Lombardo’s economic strategy also highlights those project and makes note of Redwood closing a “loop” in the state, from mining to recycling.

“The recent attraction of Redwood Materials has closed the electric value chain loop for electric batteries, the only state in the nation that can claim such a feature, giving Nevada a significant competitive advantage in the industry,” the plan reads.

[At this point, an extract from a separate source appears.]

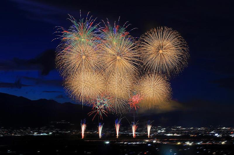 2尺玉がなくなったせいではないとは思うが、今年はいつもより場所の取り合いは緩和されていたようで、開始30分時点でまだ多少のスペースが残っていた。昨年とほぼ同じ場所からの撮影だったが、終了後、知り合い5人が、異口同音に「(昨年に比べて)今年は良かった!」と感想を述べていた。確かに2尺を除けば、一昨年と同じ位の感動を与えてくれた。珍しく笛吹川を渡る風が殆ど無風に近かったにもかかわらず、打ち上げ開始後も煙害は多少ある程度におさまってくれ、大変美しい花火を鑑賞する事ができた。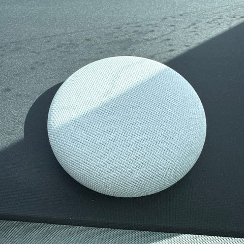 Generation 2 av Google Nest Mini med strömadapter och originalkartong

Automaker Tesla Inc. is also expanding its massive manufacturing facility in the state, dubbed Gigafactory 1, to build semitrucks and new-generation batteries. The board of the Nevada Governor’s Office of Economic Development this week approved $330 million in tax incentives for the facility, in exchange for a promise from the company to invest $3.6 billion in it over 10 years.

‘Facing an uphill battle’

The Santa Rosa Mountains near the Thacker Pass mine site in northern Nevada.
The Santa Rosa Mountains are shown near the Thacker Pass mine site in northern Nevada. | Francis Chung/E&E News

While Thacker Pass is moving forward, the legal battle over the mine is still brewing, highlighting the continued opposition of environmental groups, tribes and even ranchers concerned about potential impacts to surrounding water quality and habitat for vulnerable species like the greater sage grouse.

Last month, U.S. District Judge Miranda Du issued a ruling that largely upheld the federal approval of the mine despite multiple legal challenges. But Du also remanded the decision to the Bureau of Land Management to revisit a portion of its environmental analysis. The judge did so after finding that BLM had violated federal law by failing to validate that Lithium Americas had the right to dump waste and tailings on about 1,300 acres at the site in Humboldt County (Greenwire, Feb. 7).

When asked about Du’s ruling, Brian Hires, a spokesperson for BLM, said the bureau is “currently developing a timeline and a path forward to address the issues identified by the court, consistent with all applicable legal requirements.”

ClearView’s Fox said Du pretty clearly shot down opponents’ environmental arguments against the federal government’s approval of Thacker Pass, and those same parties are likely to face an uphill battle going forward in the 9th U.S. Circuit Court of Appeals, which also declined to halt construction. As for the issue tied to BLM reviewing the company’s right to store waste and tailings, Fox called it a “relatively minor fix” that won’t delay the project.

“Based on our read, it looks like they’re facing an uphill battle in the 9th Circuit,” said Fox, later adding that Thacker Pass “might be creating a pathway for projects in the future.” Fox said each project will be challenged in court for region-specific reasons, but arguments raised so far have also been used on projects like pipelines and other energy projects.

Still, concerns remain around how mines like Thacker Pass are planned and permitted.

Patrick Donnelly, the Center for Biological Diversity’s Great Basin director, said he’s tracking more than 70 lithium projectsthroughout Nevada in various stages — mining claims, announcements around exploration and firm proposals — but that only Thacker Pass and Rhyolite Ridge are moving forward through the federal regulatory process.

Open-pit mines, he said, bring with them threats to water quality and impacts on wildlife. He’s spent five years fighting Rhyolite Ridge over its potential impacts to the yellow-flowered Tiehm’s buckwheat, which was deemed endangered late last year (Greenwire, Dec. 14, 2022). That project is now undergoing an environmental review, and a final decision is expected in 2024.

Donnelly said he believes there are alternatives to hardrock mining in sensitive areas and that the Biden administration should conduct a large-scale geospatial and technological analysis to determine where and how to produce lithium without destroying ecosystems or cultural sites in the state. He noted a similar federal effort is underway for planning solar installations in the West.

Without that planning and protection, Donnelly said the road may be fraught for Nevada’s “lithium revolution.”

“If we want to accelerate the renewable energy transition and produce all these domestic minerals, we’re going to have to pick better places to do it,” he said. “We’re not going to get our clean energy revolution if every mining project ends up in the 9th Circuit Court of Appeals.”